So much of the discussion around Tinder centers on people in their twenties. But it’s actually the best way for people in their thirties and older who are looking for relationships to meet.
Most of the discussion around Tinder has focused on its core demographic: twentysomethings, gay and straight, in urban areas (New York and Los Angeles, where I live, are its two biggest markets), who seem to use Tinder to hook up, boost inmate dating Canada or masochistically deflate their ego, and/or issue sweeping, usually disparaging pronouncements about everyone they’ve ever encountered on it.
But I’ve now come to realize that even though all of the press around Tinder focuses on its popularity with twentysomethings, it’s actually the perfect app for someone in their thirties, or older, to find love. (For one thing, it’s exhausting. After you turn 33 or so, staying out past 10 on a school night becomes much more rare.) Also, as we age, the pool of eligible people shrinks, and with it so do the number of opportunities to meet people in the ways people met people in their twenties (well, before Tinder existed): through friends, at parties, at bars, at work, in grad school, wherever. There’s something really comforting to know that, in fact, there are actually tons of people out there who are age-appropriate and are looking for the same thing you are.

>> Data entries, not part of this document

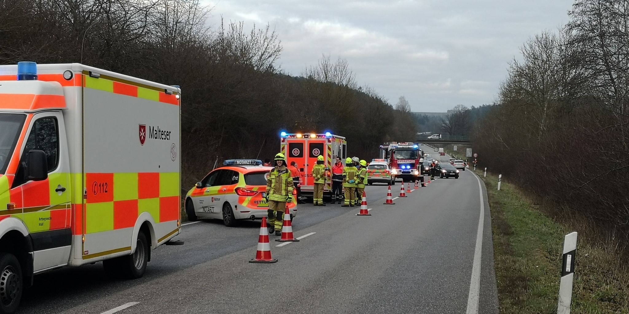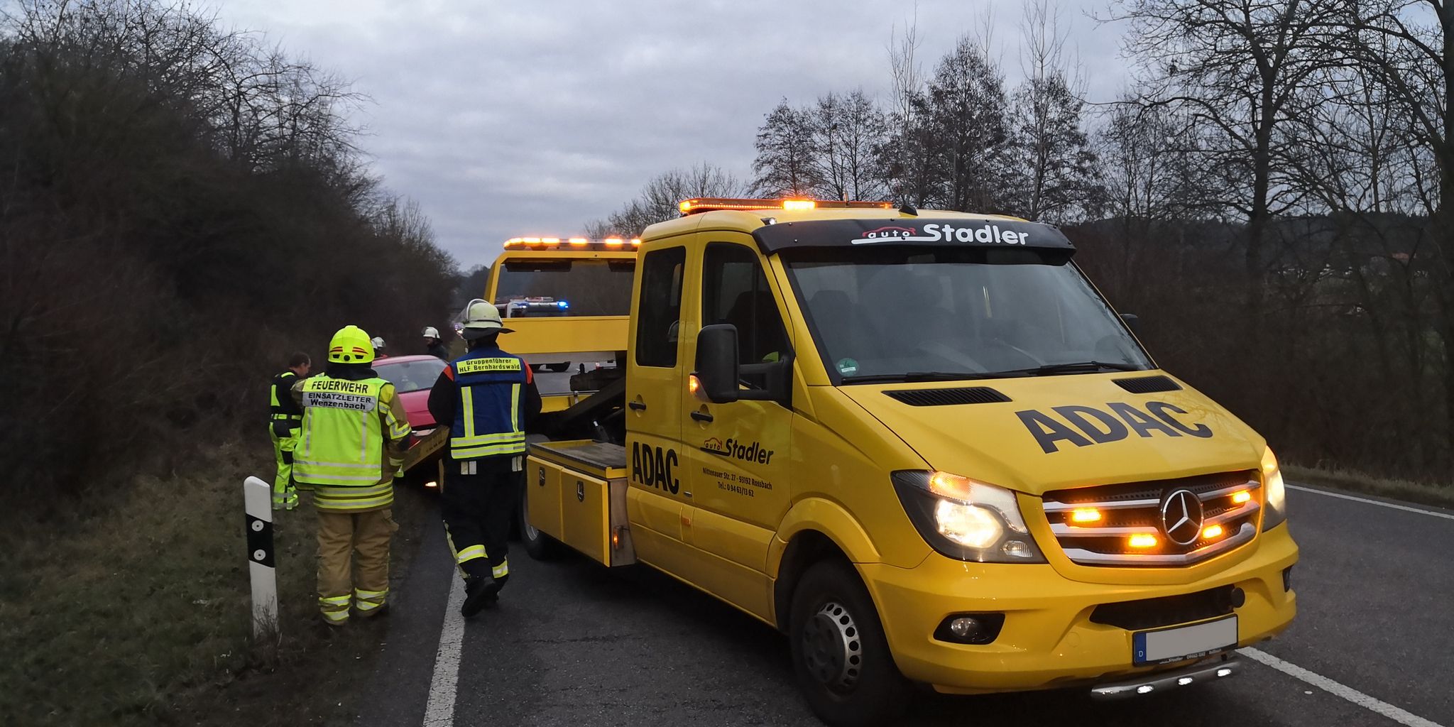Auf der B16 in Höhe Wenzenbach, Dahlienweg kam ein PKW alleinbeteiligt von der Fahrbahn ab und blieb im Straßengraben liegen.
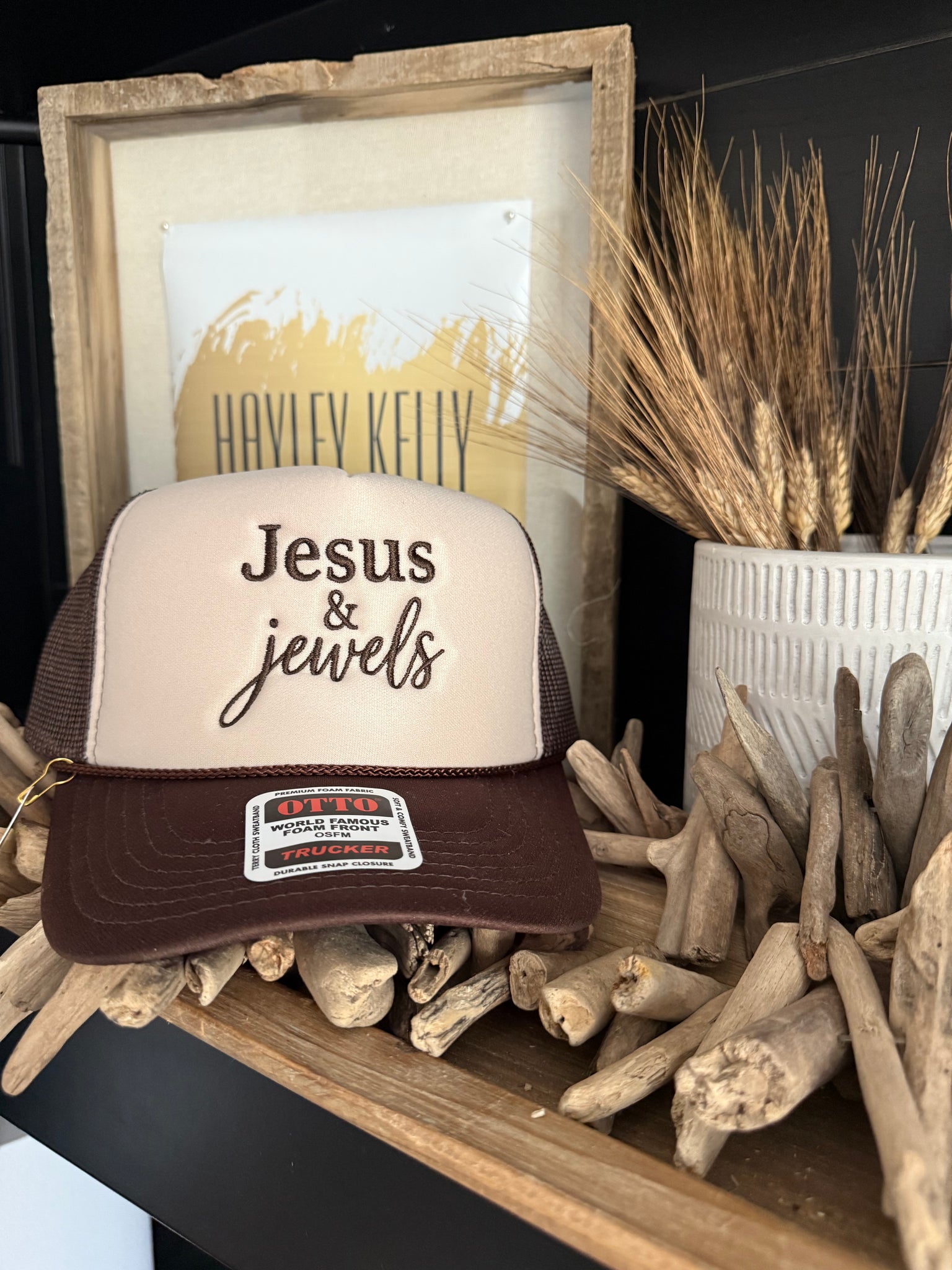 Jesus & Jewels Embroidered Trucker - [Chocolate Brown & Cream]
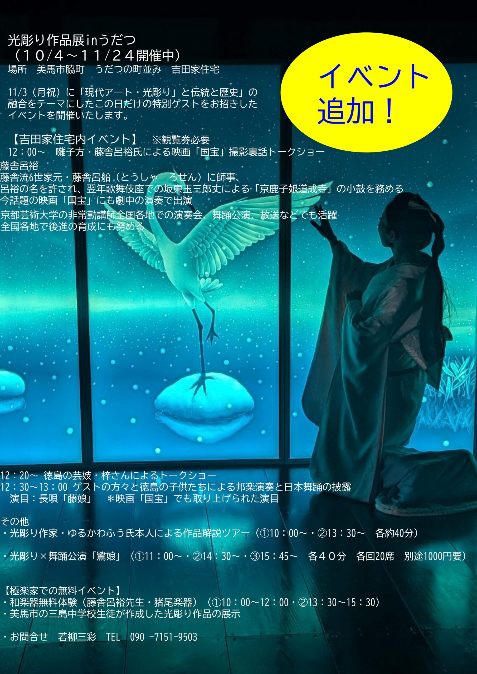 11月3日(月祝)に、「現代アート・光彫り」と「伝統と歴史」の融合をテーマにした
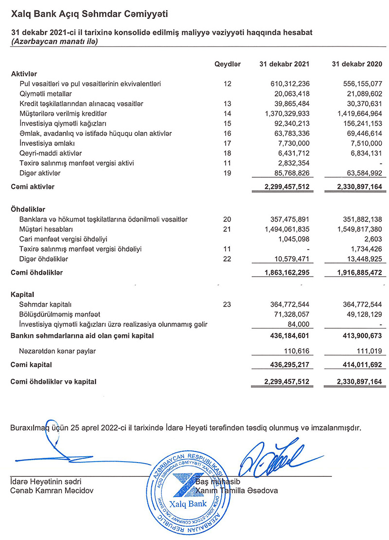 "Xalq Bank" ASC 2021-ci il üzrə konsolidə edilmiş maliyyə hesabatlarını və auditor rəyini dərc edib.

There are, of course, exceptions to every single rule, but I found that the people on Tinder in their thirties were, generally, more receptive to the idea of being in a relationship than you would expect
Because much of the criticism of Tinder seems to actually be, implicitly, a criticism of the machinations of dating, and the ways in which dating causes people to, sometimes, show their worst, judgmental, passive aggressive selves instead of their best selves. My co-worker Tamerra recently asked me, “Do people think that the app will relieve people of the responsibility of being sincere, projecting themselves honestly, and communicating what they’re looking for in a relationship the same way they would IRL?” Certainly, Tinder seems to make it easier to not be vulnerable, to put out a bulletproof version of yourself. But Tinder doesn’t make it easier to fall in love just because it makes it easier to be exposed to hundreds, or thousands, of potential dates. To fall in love means you need to really know yourself, and be secure and happy enough that you want to share yourself with someone else, and to be vulnerable. Tinder doesn’t get rid of those steps, and it’s unrealistic to think that it would.

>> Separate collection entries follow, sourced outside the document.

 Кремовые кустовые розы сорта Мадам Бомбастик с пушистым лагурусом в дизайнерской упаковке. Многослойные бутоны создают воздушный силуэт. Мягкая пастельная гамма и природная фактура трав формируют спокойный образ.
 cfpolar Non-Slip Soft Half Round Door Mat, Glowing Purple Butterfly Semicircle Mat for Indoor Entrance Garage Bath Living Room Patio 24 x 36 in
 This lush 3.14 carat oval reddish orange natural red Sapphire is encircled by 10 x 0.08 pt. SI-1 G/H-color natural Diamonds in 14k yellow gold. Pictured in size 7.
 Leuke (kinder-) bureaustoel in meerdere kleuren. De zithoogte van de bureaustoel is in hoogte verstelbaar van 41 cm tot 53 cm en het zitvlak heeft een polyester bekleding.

As people age, they naturally grow less inclined to seek out relationships that are more casual
I agree with the psychology professor Eli J. Finkel, who recently defended Tinder as “the best option available now” for “open-minded singles . who would like to marry someday and want to enjoy dating in the meantime.” And I think that’s especially true if you are in your thirties and you are looking for a relationship, and you see dating as a means to that end. Including me.

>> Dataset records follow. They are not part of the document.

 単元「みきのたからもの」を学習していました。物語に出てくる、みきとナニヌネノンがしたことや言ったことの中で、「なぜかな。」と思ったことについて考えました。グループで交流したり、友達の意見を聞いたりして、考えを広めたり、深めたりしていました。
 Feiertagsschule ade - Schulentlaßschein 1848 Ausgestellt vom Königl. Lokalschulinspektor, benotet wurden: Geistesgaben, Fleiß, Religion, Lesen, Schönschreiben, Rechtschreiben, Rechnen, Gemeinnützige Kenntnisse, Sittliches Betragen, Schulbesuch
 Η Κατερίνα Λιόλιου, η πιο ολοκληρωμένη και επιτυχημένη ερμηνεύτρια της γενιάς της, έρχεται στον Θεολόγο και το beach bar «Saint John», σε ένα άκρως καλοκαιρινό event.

I spent most of my twenties in a series of relatively short-lived monogamous relationships. I didn’t “date,” per se; I ended up with boyfriends who clearly weren’t right for me, but I was so comfortable with companionship that I didn’t mind. And this was the early aughts, in the early days of online dating: I was briefly on Nerve, and went on a few dates, but it felt unnatural and weird, and I didn’t know anyone else doing it. Or if they did, they were keeping it a secret, like me. So my boyfriends were guys I met in grad school, or at work, or through friends, or, once, at the optician. (He fixed my glasses.) It wasn’t until the last couple of years, when I was already well into my thirties, that I began to date date, and I quickly learned that the only people who truly like dating – and by dating I mean the numbing dance of texting, and not hearing back, and then finally hearing back, and then making plans, and changing plans, and finally meeting and deciding within 30 seconds that this is not your Person, and then doing it all over again – are generally either sociopaths or masochists.